▸ What is required
Once you reach the line with "Foto 5.2 - Vista" below, copy each line exactly, stopping after the line with "5軸マシニングセンター + 自社開発ロボット着脱システム", and skip any pictures.

╭──

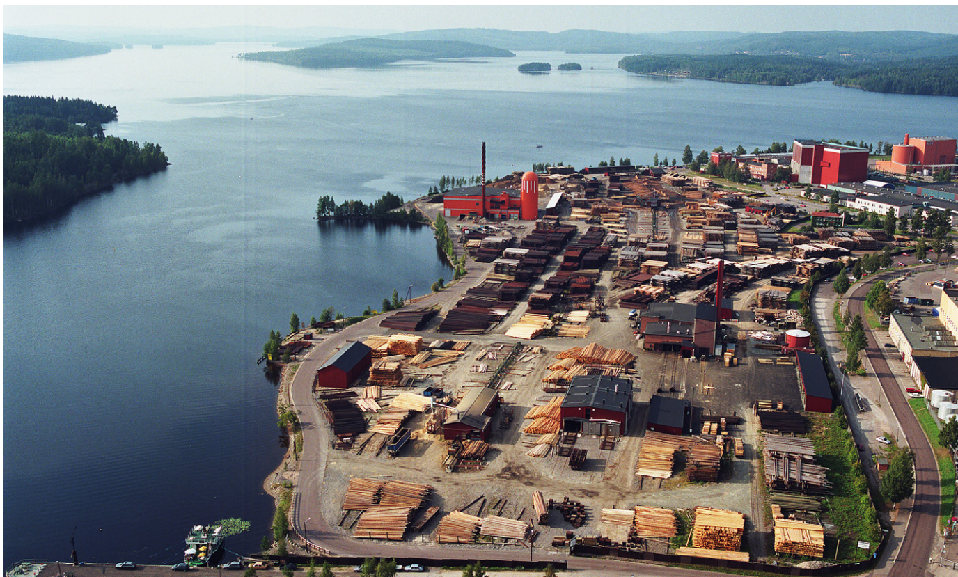
Rundvirke Skog fabriks i Ludvika som producerar närmare 50 000 trub.stolp och slippers.

Ja! i dessa tider kan det vara på sin plats med lite positiva tongångar när det mesta annars handlar om Covid-19 och om det knasiga som händer i USA m.m.
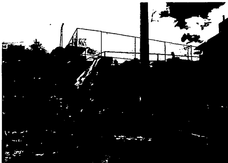
Foto 5.2 - Vista do campo em direção à Rua Edmeire Pacheco
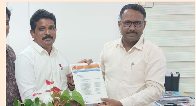
ప్రాద్దుటూరు, మార్చి 7, (శ్రీచక్ర) :
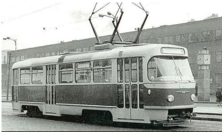
Dobová fotografie tramvaje T3 pochází ze sbírky Libora Hinčiči. ROPID

V listopadu 1960 převzal pražský dopravní podnik prototyp tramvaje T3. Dodnes ji milují také čtenáři Metra.
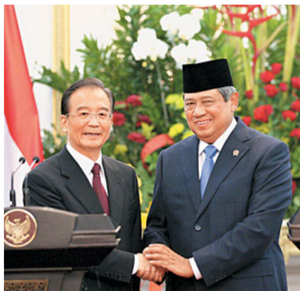
29日,中國國務院總理溫家寶與印尼總統蘇西洛舉行會談。

據中新社雅加達29日電 中國總理溫家寶29日在雅加達與印尼總統蘇西洛舉行會談,雙方同意制訂領導人定期會晤機制。兩人就雙邊關係及共同關心的國際和地區問題坦誠、深入交換意見,達成重要共識。
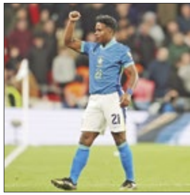
Endrick não jogou no Real Madrid

Carlo Ancelotti voltou a falar sobre a presença de Endrick no time do Real Madrid e garantiu que o ex-palmeirense -convocado por Dorival Júnior para a Seleção Brasileira- terá os minutos que merece. Porém, fez um alerta. “Ele tem qualidades impressionantes e terá os minutos que merece. Mas tem que ter em conta também a competição por espaço que existe nesta equipe”, justificou o treinador italiano Carlo Ancelotti.
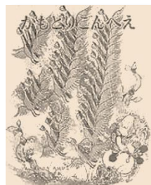
「かもとりごんべえ」
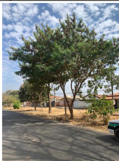
Figura 2: Leucena em frente o número 689.
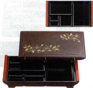
7-812-4 (23011290) ¥2,900 パール鉄仙内黒 A
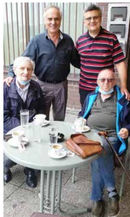
Скуп у доба короне

Дакле: завичај је мој. И људи из мог завичаја су моји. То је мој свет. Прави.
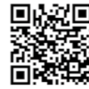
▲応募フォームはこちらから

注意事項 ・応募できるのは1人につき1点です。 ・氏名などが未記入の場合は、応募が無効になります。
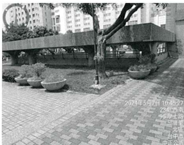
圖4、於人行通道路線增設花盆
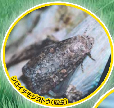
シロイチモジヨトウ(成虫)
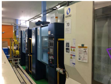
5軸マシニングセンター + 自社開発ロボット着脱システム
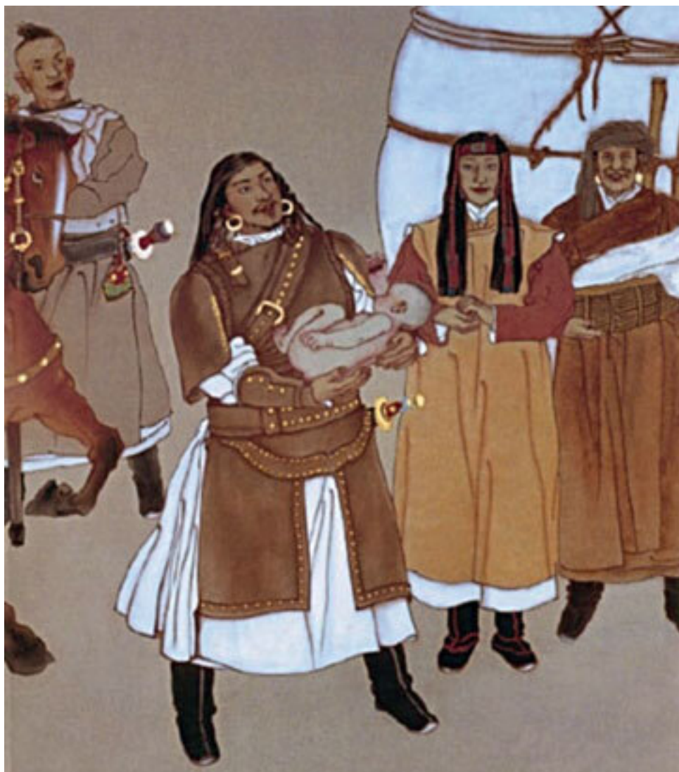
Есухэй-батор и Огэлун с новорожденным Тэмужином. Современная настенная живопись. Мемориал Чингисхана в Ордосе (КНР)

╰──

▸ Result of the exercise
Foto 5.2 - Vista do campo em direção à Rua Edmeire Pacheco
ప్రాద్దుటూరు, మార్చి 7, (శ్రీచక్ర) :
Dobová fotografie tramvaje T3 pochází ze sbírky Libora Hinčiči. ROPID

V listopadu 1960 převzal pražský dopravní podnik prototyp tramvaje T3. Dodnes ji milují také čtenáři Metra.
29日,中國國務院總理溫家寶與印尼總統蘇西洛舉行會談。

據中新社雅加達29日電 中國總理溫家寶29日在雅加達與印尼總統蘇西洛舉行會談,雙方同意制訂領導人定期會晤機制。兩人就雙邊關係及共同關心的國際和地區問題坦誠、深入交換意見,達成重要共識。
Endrick não jogou no Real Madrid

Carlo Ancelotti voltou a falar sobre a presença de Endrick no time do Real Madrid e garantiu que o ex-palmeirense -convocado por Dorival Júnior para a Seleção Brasileira- terá os minutos que merece. Porém, fez um alerta. “Ele tem qualidades impressionantes e terá os minutos que merece. Mas tem que ter em conta também a competição por espaço que existe nesta equipe”, justificou o treinador italiano Carlo Ancelotti.
「かもとりごんべえ」
Figura 2: Leucena em frente o número 689.
7-812-4 (23011290) ¥2,900 パール鉄仙内黒 A
Скуп у доба короне

Дакле: завичај је мој. И људи из мог завичаја су моји. То је мој свет. Прави.
▲応募フォームはこちらから

注意事項 ・応募できるのは1人につき1点です。 ・氏名などが未記入の場合は、応募が無効になります。
圖4、於人行通道路線增設花盆
シロイチモジヨトウ(成虫)
5軸マシニングセンター + 自社開発ロボット着脱システム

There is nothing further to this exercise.